To me both both these type of quacks, just have this disgusting ego that they want to stroke and don't want to admit that they are just not very good and maybe should educate themselves more.
As a patient with a condition that isn't well understood but is sometimes completely disruptive to my ability to live my life, facing a doctor as they give you the results of another fruitless test can be so crushing. You almost want them to find something even if it's bad because at least there is a clear cause of your pain and maybe this round of medication will work. I can understand why it hurts the doctors
Totally! The worst is a cheerful "No need to worry, your test results are all normal!" >.
Going through unknown chronic health struggles where there's a lacking unifying diagnosis, I appreciate the providers who say "I don't know" and are honest about the efficacy of treatments far more than the ones who suggest "medical reiki" or acupuncture or one of the many "functional" treatments I've been offered, however much I'd like that to be the solution. Something I feel is obvious here the US but that also gets quickly forgotten in the mess and confusion of health issues and the bureaucracy is that if a treatment were really that effective, a drug company would find a way to market and sell it.
So, thank you for being so open about this issue that shouldn't be controversial, but is, both because of patient and provider desperation, and also because of the unfortunate providers who forget or outright choose to ignore what medicine and care really need to be for a patient. Those bad and almost avoidant practices really only put off finding answers and treatments for longer, and carry so many unnecessary costs.
I couldn’t have expressed this better.
The explosion of lifestyle doctors on social media is filling a gap and that gap is people who have chronic illnesses, and want to get better.
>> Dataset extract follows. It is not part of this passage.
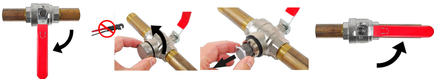
Obr. 6 - uzatvorený ventil

As an example, years ago I figured out on my own that my severe depression was largely caused by dehydration. Not once -for 20 years-did a doctor ever ask how much coffee are you drinking? How much water are you drinking? If they had and pointed me in the right direction. I wouldn’t have been on antidepressants for so long.
Their pharmaceutical industrial complex informed decision to give me drugs instead of treat the root cause is exactly why lifestyle doctors are exploding on social media. They are filling a need.
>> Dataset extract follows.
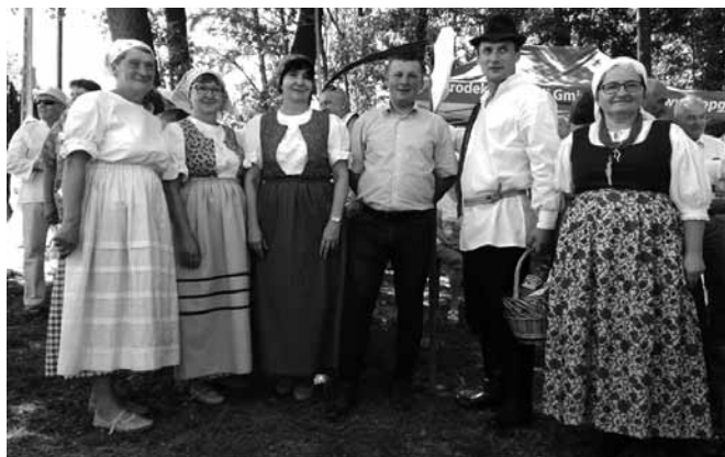
Reprezentacja gminy Bestwina w Jasienicy

Relacja fotograficzna: archiwum wójta Artura Beniowskiego

And to the concept that traditional medical doctors use evidence based studies to design protocols: My question is who wrote that study who sponsored that study? Was it Coca-Cola? No wonder they found that fructose is good for you!
Sometimes they do even if it isn't. Quite a bit of alt-med pretty much *is* Big Pharma.
@@KaiHenningsen Please give some examples. People throw around "Big Pharma" just to get nods from other people... but are pretty short on the details.
@@suziegriffith I think the onus on ensuring you were properly hydrated (which absolutely does have a wealth of cascading effects) should've come from preventative care by your providers, and it's unfortunate that was looked over. The lifestyle doctors are trying to fill a gap in knowledge, sure, but they're doing it horribly, pretending to focus on what preventative care emphasizes and often selling a product or supplement they're getting paid more to promote than pharmaceuticals (a reminder that there are virtually no regulations on supplements in the US, a reason why every benefit under the sun can be marketed without the heavy burden of evidence necessary for actual pharmaceutical products--this is more what I was referring to at the end of my comment).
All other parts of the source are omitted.